== Data ==

——————————

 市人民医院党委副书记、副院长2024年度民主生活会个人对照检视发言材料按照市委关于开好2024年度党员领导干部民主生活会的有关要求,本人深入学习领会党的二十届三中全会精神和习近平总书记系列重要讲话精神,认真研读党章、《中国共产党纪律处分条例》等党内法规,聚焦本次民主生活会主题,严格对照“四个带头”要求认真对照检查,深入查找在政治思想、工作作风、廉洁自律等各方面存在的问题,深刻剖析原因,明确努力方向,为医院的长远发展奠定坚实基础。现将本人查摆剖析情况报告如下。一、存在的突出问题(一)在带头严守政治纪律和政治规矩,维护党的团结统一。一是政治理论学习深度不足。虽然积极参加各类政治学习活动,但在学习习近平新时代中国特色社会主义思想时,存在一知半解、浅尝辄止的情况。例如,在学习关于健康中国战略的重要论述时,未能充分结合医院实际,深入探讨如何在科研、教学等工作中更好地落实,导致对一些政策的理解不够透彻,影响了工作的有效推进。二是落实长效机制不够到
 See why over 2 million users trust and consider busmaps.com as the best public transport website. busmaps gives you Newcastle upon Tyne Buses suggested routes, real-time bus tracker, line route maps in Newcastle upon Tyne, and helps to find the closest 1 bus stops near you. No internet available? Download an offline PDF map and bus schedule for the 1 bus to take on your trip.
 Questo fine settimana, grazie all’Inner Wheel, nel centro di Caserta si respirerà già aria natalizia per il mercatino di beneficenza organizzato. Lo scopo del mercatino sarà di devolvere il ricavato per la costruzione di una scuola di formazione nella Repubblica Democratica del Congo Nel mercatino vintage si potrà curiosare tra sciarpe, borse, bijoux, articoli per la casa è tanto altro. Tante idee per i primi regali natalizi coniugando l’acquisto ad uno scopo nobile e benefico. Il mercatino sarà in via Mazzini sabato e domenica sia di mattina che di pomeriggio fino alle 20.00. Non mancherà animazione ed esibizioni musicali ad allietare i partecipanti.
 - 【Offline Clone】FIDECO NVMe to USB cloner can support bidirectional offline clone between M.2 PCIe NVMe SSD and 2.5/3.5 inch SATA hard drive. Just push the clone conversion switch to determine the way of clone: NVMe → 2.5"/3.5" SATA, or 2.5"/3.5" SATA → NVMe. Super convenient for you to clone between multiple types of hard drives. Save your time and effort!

——————————

Which lines of the listing contain the string "offline"? Copy each of them.

== Task response ==
 See why over 2 million users trust and consider busmaps.com as the best public transport website. busmaps gives you Newcastle upon Tyne Buses suggested routes, real-time bus tracker, line route maps in Newcastle upon Tyne, and helps to find the closest 1 bus stops near you. No internet available? Download an offline PDF map and bus schedule for the 1 bus to take on your trip.
 - 【Offline Clone】FIDECO NVMe to USB cloner can support bidirectional offline clone between M.2 PCIe NVMe SSD and 2.5/3.5 inch SATA hard drive. Just push the clone conversion switch to determine the way of clone: NVMe → 2.5"/3.5" SATA, or 2.5"/3.5" SATA → NVMe. Super convenient for you to clone between multiple types of hard drives. Save your time and effort!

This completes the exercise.